Leaving out all images, return the entries below exactly.

• [Records for the task]
------------------------------
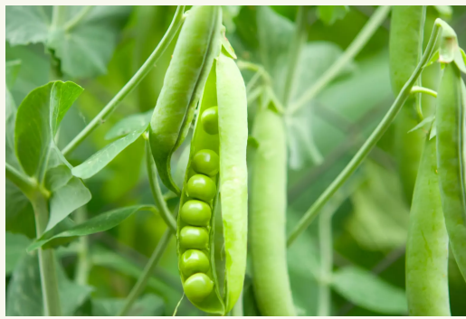
Για βίκο, αρακά, κουκιά Rhizobium leguminosarum
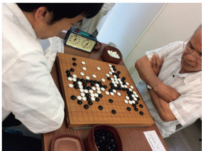
第32回中学地区大学教職員囲碁大会での対局風景

さて、本会では2015年度7月に教職員囲碁大会への参加と学内大会を行いました。中部地方の大学の囲碁同好会が参集した第32回中部地区大学教職員囲碁大会は2015年7月5日(日)に日本棋院中部総本部にて行われました。大会は参加選手を、なるべく棋力の接近した4ないし6名から成るブロックに分け、ブロック毎にハンデ戦による個人戦を3回戦行い、チーム全員の勝率によって大学間で順位を競いました。結
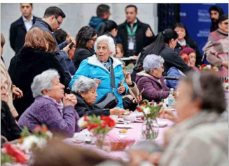
Unos 190 mil adultos mayores con propiedades afectas ya tienen beneficios.

Hay unas 206 mil personas de edad avanzada con propiedades afectas que no tienen beneficios para el impuesto territorial.
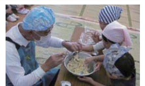
▲地域の方と鬼まんじゅう作りをしている様子
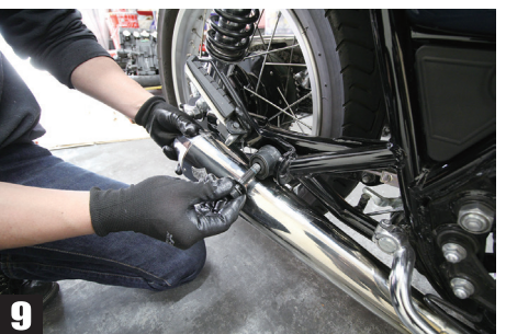
⑦テーパードコーンマフラーに純正マフラーブラケットを移設する ⑧エキパイに差し込む ⑨タンデムステップのボルトをセットする
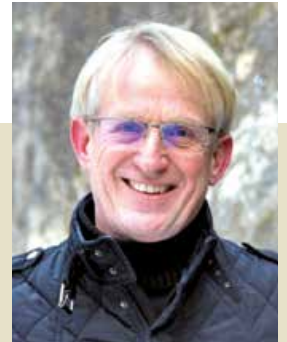
Bürgermeister Wolfgang Gallant (LWG)

Die Gemeinde Lavamünd nimmt in Kooperation mit der Gemeinde St. Georgen am Projekt „Community Nursing im Rahmen der Pflegenahversorgung“ teil.
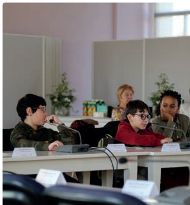
Le CMJ lors d'une assemblée plénière.
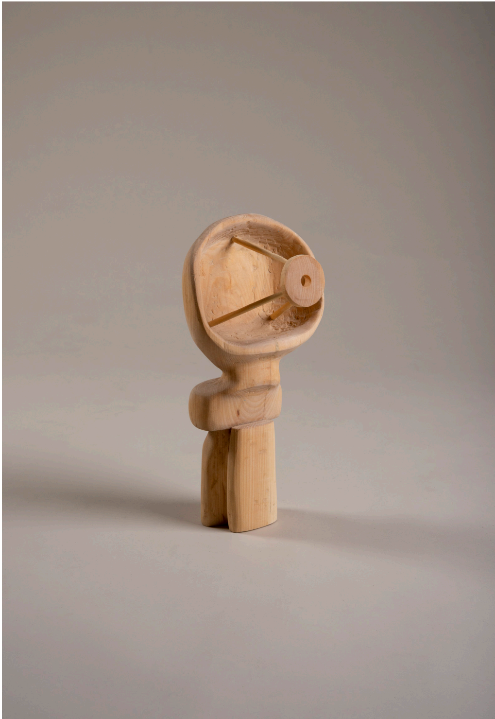
Die Besiedelung des Mars #12, Antenne, 21cm x 15cm x 39cm, Holz
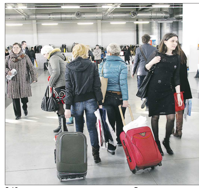
С 19 августа россияне не смогут везти в Россию более 5 килограммов фруктов

ИЗМЕНЯТСЯ ПРАВИЛА ПРОВОЗА В БАГАЖЕ ФРУКТОВ И ЦВЕТОВ ЧЕРЕЗ ГРАНИЦУ. Произойдёт это с 19 августа. Согласно новым
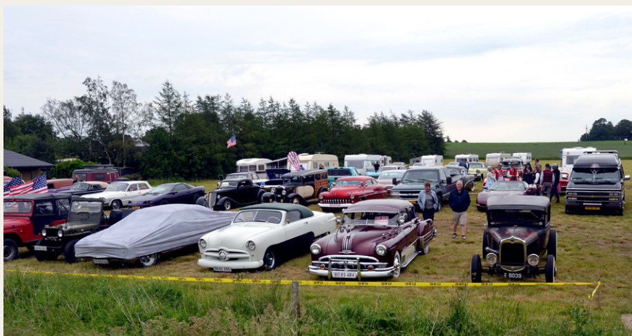
Marken overfor blev hurtigt fyldt op med amerikanerbiler, da de var færdige med at køre tur om formiddagen.

Steen Gaarden, som laver Costum Paint, viste sine færdigheder, og det var virkelig håndværk. Udenfor var der en hel
------------------------------
• [Exercise output]
Για βίκο, αρακά, κουκιά Rhizobium leguminosarum
第32回中学地区大学教職員囲碁大会での対局風景

さて、本会では2015年度7月に教職員囲碁大会への参加と学内大会を行いました。中部地方の大学の囲碁同好会が参集した第32回中部地区大学教職員囲碁大会は2015年7月5日(日)に日本棋院中部総本部にて行われました。大会は参加選手を、なるべく棋力の接近した4ないし6名から成るブロックに分け、ブロック毎にハンデ戦による個人戦を3回戦行い、チーム全員の勝率によって大学間で順位を競いました。結
Unos 190 mil adultos mayores con propiedades afectas ya tienen beneficios.

Hay unas 206 mil personas de edad avanzada con propiedades afectas que no tienen beneficios para el impuesto territorial.
▲地域の方と鬼まんじゅう作りをしている様子
⑦テーパードコーンマフラーに純正マフラーブラケットを移設する ⑧エキパイに差し込む ⑨タンデムステップのボルトをセットする
Bürgermeister Wolfgang Gallant (LWG)

Die Gemeinde Lavamünd nimmt in Kooperation mit der Gemeinde St. Georgen am Projekt „Community Nursing im Rahmen der Pflegenahversorgung“ teil.
Le CMJ lors d'une assemblée plénière.
Die Besiedelung des Mars #12, Antenne, 21cm x 15cm x 39cm, Holz
С 19 августа россияне не смогут везти в Россию более 5 килограммов фруктов

ИЗМЕНЯТСЯ ПРАВИЛА ПРОВОЗА В БАГАЖЕ ФРУКТОВ И ЦВЕТОВ ЧЕРЕЗ ГРАНИЦУ. Произойдёт это с 19 августа. Согласно новым
Marken overfor blev hurtigt fyldt op med amerikanerbiler, da de var færdige med at køre tur om formiddagen.

Steen Gaarden, som laver Costum Paint, viste sine færdigheder, og det var virkelig håndværk. Udenfor var der en hel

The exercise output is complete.